Automated breast tumor ultrasound image segmentation with hybrid UNet and classification using fine-tuned CNN model

Shahed Hossain; Sami Azam; Sidratul Montaha; Asif Karim; Sadia Sultana Chowa; Chaity Mondol; Md Zahid Hasan; Mirjam Jonkman

doi:10.1016/j.heliyon.2023.e21369

Automated breast tumor ultrasound image segmentation with hybrid UNet and classification using fine-tuned CNN model

Heliyon. 2023 Oct 21;9(11):e21369. doi: 10.1016/j.heliyon.2023.e21369. eCollection 2023 Nov.

Authors

Shahed Hossain¹, Sami Azam², Sidratul Montaha³, Asif Karim², Sadia Sultana Chowa¹, Chaity Mondol¹, Md Zahid Hasan¹, Mirjam Jonkman²

Affiliations

¹ Health Informatics Research Laboratory (HIRL), Department of Computer Science and Engineering, Daffodil International University, Dhaka, 1341, Bangladesh.
² Faculty of Science and Technology, Charles Darwin University, Casuarina, 0909, NT, Australia.
³ Department of Computer Science, University of Calgary, Calgary, AB, T2N 1N4, Canada.

Abstract

Introduction: Breast cancer stands as the second most deadly form of cancer among women worldwide. Early diagnosis and treatment can significantly mitigate mortality rates.

Purpose: The study aims to classify breast ultrasound images into benign and malignant tumors. This approach involves segmenting the breast's region of interest (ROI) employing an optimized UNet architecture and classifying the ROIs through an optimized shallow CNN model utilizing an ablation study.

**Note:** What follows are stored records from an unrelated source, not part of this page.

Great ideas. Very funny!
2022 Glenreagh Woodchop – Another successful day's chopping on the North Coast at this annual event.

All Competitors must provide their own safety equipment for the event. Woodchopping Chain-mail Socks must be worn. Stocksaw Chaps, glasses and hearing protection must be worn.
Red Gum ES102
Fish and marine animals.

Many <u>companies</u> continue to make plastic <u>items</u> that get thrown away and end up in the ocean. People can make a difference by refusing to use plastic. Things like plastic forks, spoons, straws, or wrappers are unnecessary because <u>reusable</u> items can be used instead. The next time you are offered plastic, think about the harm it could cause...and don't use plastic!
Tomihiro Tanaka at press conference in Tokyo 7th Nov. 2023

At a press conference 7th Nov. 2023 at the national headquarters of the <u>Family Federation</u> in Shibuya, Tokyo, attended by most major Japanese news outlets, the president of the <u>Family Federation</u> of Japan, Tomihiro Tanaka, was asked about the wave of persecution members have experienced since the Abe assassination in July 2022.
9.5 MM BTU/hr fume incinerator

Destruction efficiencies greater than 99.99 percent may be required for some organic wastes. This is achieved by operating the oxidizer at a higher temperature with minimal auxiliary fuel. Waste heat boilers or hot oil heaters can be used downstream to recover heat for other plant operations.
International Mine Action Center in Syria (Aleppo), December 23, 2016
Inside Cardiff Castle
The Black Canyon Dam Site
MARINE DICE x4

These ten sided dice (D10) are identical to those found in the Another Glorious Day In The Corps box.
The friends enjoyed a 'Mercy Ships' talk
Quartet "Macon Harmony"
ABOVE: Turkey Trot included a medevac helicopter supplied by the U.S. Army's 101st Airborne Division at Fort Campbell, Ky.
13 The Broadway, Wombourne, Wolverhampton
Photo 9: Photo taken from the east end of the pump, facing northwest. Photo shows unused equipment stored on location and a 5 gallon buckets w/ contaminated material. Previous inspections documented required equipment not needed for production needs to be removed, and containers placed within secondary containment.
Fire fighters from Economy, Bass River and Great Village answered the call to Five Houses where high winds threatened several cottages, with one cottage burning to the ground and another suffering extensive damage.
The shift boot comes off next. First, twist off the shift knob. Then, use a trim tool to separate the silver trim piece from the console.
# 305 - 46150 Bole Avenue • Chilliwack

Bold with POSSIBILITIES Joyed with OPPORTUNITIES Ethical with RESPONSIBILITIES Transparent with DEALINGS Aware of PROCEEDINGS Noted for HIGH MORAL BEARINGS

Method: Several image processing techniques are utilized to improve image quality by removing text, artifacts, and speckle noise, and statistical analysis is done to check the enhanced image quality is satisfactory. With the processed dataset, the segmentation of breast tumor ROI is carried out, optimizing the UNet model through an ablation study where the architectural configuration and hyperparameters are altered. After obtaining the tumor ROIs from the fine-tuned UNet model (RKO-UNet), an optimized CNN model is employed to classify the tumor into benign and malignant classes. To enhance the CNN model's performance, an ablation study is conducted, coupled with the integration of an attention unit. The model's performance is further assessed by classifying breast cancer with mammogram images.

Result: The proposed classification model (RKONet-13) results in an accuracy of 98.41 %. The performance of the proposed model is further compared with five transfer learning models for both pre-segmented and post-segmented datasets. K-fold cross-validation is done to assess the proposed RKONet-13 model's performance stability. Furthermore, the performance of the proposed model is compared with previous literature, where the proposed model outperforms existing methods, demonstrating its effectiveness in breast cancer diagnosis. Lastly, the model demonstrates its robustness for breast cancer classification, delivering an exceptional performance of 96.21 % on a mammogram dataset.

Conclusion: The efficacy of this study relies on image pre-processing, segmentation with hybrid attention UNet, and classification with fine-tuned robust CNN model. This comprehensive approach aims to determine an effective technique for detecting breast cancer within ultrasound images.

Keywords: Channel self attention; Deep learning; Hybrid attention module; Image preprocessing; Image segmentation; Spatial self attention.